Приходила ли мама к тому дому?
В первый свой приезд сюда мама сошла с поезда, держа в руках большой никелированный котелок размером с пароварку, наполненный кашей из красной фасоли. Тогда у него еще не было машины, и, когда он взял у мамы котелок и сердито воскликнул: «Зачем ты притащила такую тяжесть?» — мама лишь улыбнулась в ответ. Когда они свернули на его улицу, мама указала на первый дом и спросила: «Это он?» Когда они прошли мимо, она указала на следующий дом и задала тот же вопрос. И когда они, наконец, остановились рядом с его домом и Хун Чол произнес: «Вот он», на мамином лице расцвела улыбка. Осторожно распахивая калитку, мама в тот момент напоминала взволнованную девочку, которая впервые уехала из родного городка.

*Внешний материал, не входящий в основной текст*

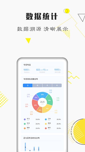 3、数据统计:您可以看到自己的每一个努力的时刻。您可以看到今日专注、累计专注的数据,成就满满。您还可以查看本日、本周、本月、本年的待办次数分布,帮助您更好的复盘总结。您还可以看到近七日的专注时长分布,您可以一目了然知道近七日的专注~
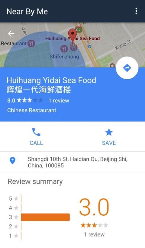 >> Детальный вид контакта, рейтинги, фотографии, адрес, расстояние и местоположение каждого места.

— О, да тут и двор есть! Здесь растет хурма и даже виноград!
Как только мама ступила в дом, она высыпала кашу из котелка и разбросала по всему дому.
— Это поможет защитить дом от бед, — объяснила она.
Его жена, которая тоже впервые стала хозяйкой городского дома, распахнула дверь одной из трех комнат и взволнованно произнесла:
— Это ваша комната, матушка. Когда вы будете приезжать в Сеул, то сможете отдыхать здесь с удобством.
Мама заглянула внутрь и воскликнула, словно извиняясь:
— У меня есть собственная комната!
Где-то за полночь он услышал шум во дворе и выглянул в окно. Мама прогуливалась по двору. Она касалась рукой ворот, трогала виноградные лозы, останавливалась, чтобы постоять под хурмой, а затем присаживалась на ступеньки и поднимала голову к ночному небу. Хун Чол распахнул окно и позвал ее:
— Иди спать.
— Почему ты не спишь? — спросила мама и с заговорщическим видом прошептала: — Хун Чол, иди сюда.
Когда он подошел к ней, мама достала из кармана конверт и сунула ему в руку:
— Теперь тебе непременно нужна табличка с именем. Закажи табличку на эти деньги. — Он не сводил глаз с мамы, зажав в кулаке пухлый конверт. — Мне очень жаль, что я не смогла помочь тебе купить этот дом, — призналась она.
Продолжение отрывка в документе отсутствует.